Power cords get damaged from all sorts of things; over-enthusiastic weed-whacking or hedge-trimming, forgetting that the car's battery warmer was still plugged in, even being chewed up by dogs and rodents! New cords aren't cheap as any hardware store patron knows. This task shows you how to make that cord almost as good as new for the cost of a little time and effort.
This task shows how to repair a 3-wire power cord but the same techniques apply to their smaller 2-wire power cord cousins.
Trim the separated ends of the cord and remove any frayed, wet, or oxidized wire.
Cut a 6″ piece of heat-shrink tubing with a diameter 50% greater than the cord's jacket.
Trim 4″ of jacket from each piece of cord. Avoid nicking the inner wires or their insulation by scoring the jacket and flexing the cord until the jacket breaks away cleanly. Untwist and straighten each wire. Remove any string or filler material. Slide the heat shrink tubing over either piece of cord.
To separate the splices of each individual wire, perform the splice at a different point on each pair of wires. On the left-hand piece of cord, cut the wires as follows: hot — 2″ from the jacket, neutral — 3″ from the jacket, ground — do not cut.
On the right-hand piece of cord, cut the wires as follows:
Hot — do not cut
Neutral — 3″ from jacket
Ground — 2″ from jacket
Strip each wire 1″. You can see in the figure that each splice will be 1" apart, keeping plenty of insulation between the bare wires.

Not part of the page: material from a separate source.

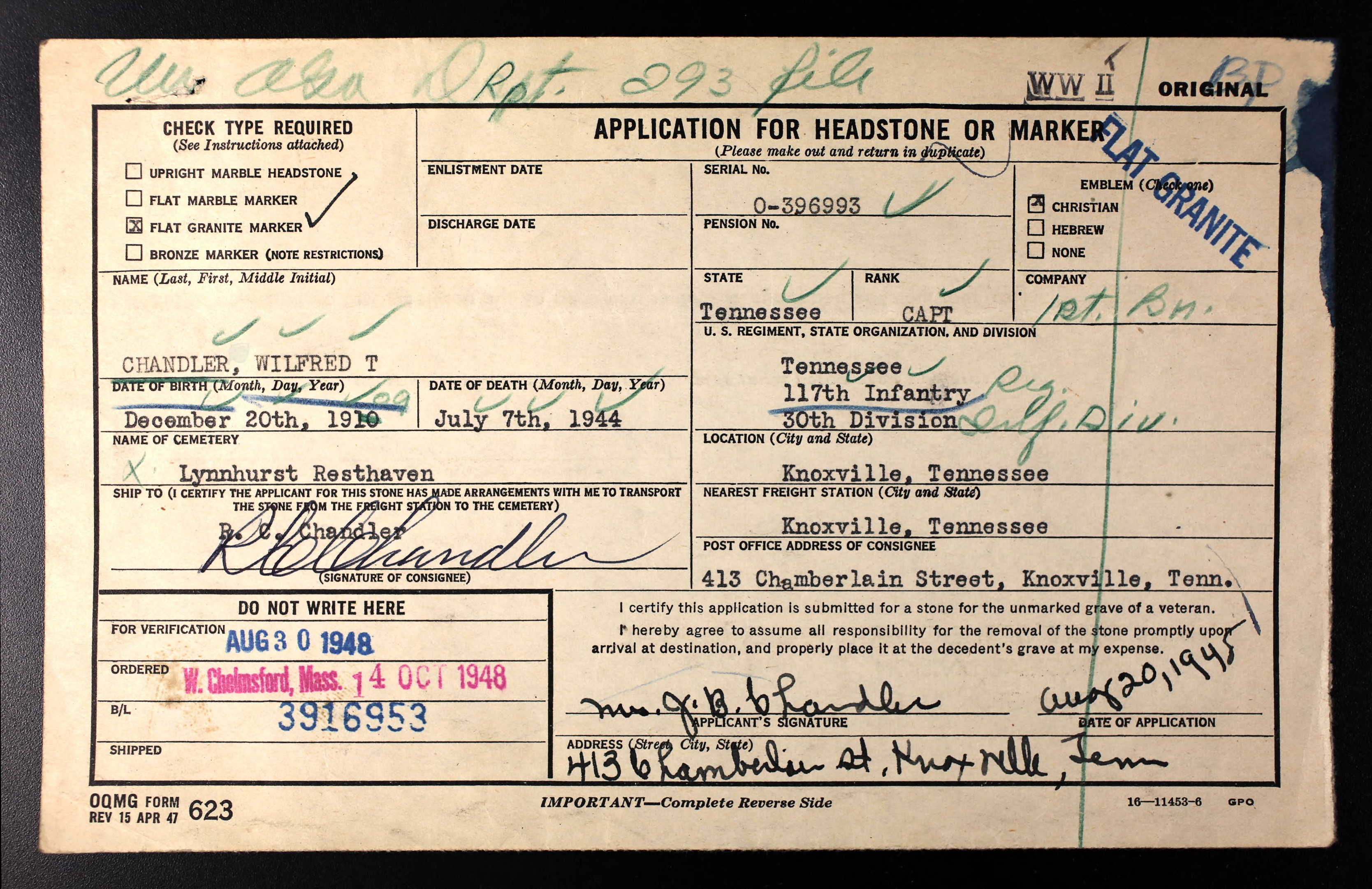 The body of Capt. Wilfred T. Chandler, killed in action near St. Lo, France on July 7, 1944, will arrive in Knoxville. Captain Chandler was the son of Mrs. J.B. Chandler, a member of the faculty at Tennessee School for the Deaf. He was in the National Guard at the start of the war, and was commissioned at the time the Guard was called into national service. He trained at various post in the Southeast and was promoted to captain before going voerseas in 1944. He served with the 117th Infantry, 30th (Old Hickory) Division. At the time of his death, he was acting as executive officer of his battalion and had been recommended for promotion to major. He was 34 years old.

Cut three 1½″ pieces of ¼″ diameter heat shrink tubing. Slip one piece over each wire.
Starting with the neutral wire (it will be the easiest since both pieces are longer), cross the stripped wires at their midpoint and twist each around the other in opposite directions. This is a "Western Union" splice, originally invented for repairing telegraph lines in the mid-1800s! Continue twisting until the wires are snugly wrapped around each other.
Solder the wires together, center the heat-shrink tubing over the splice and shrink it.
Repeat Steps 6 and 7 for the hot and ground wires.
Center the large piece of heat-shrink tubing over the entire splice and shrink it.
Wrap the splice with good-quality electrical tape (Scotch 33+ and Scotch 88 are excellent choices) twice, once in each direction, overlapping each successive wrap at least 50%. At the end of the wrap, cut the tape and press it into place.
Do not pull the tape apart; that causes the top layer to begin to separate. Eventually pulled-apart tape comes completely loose (flagging).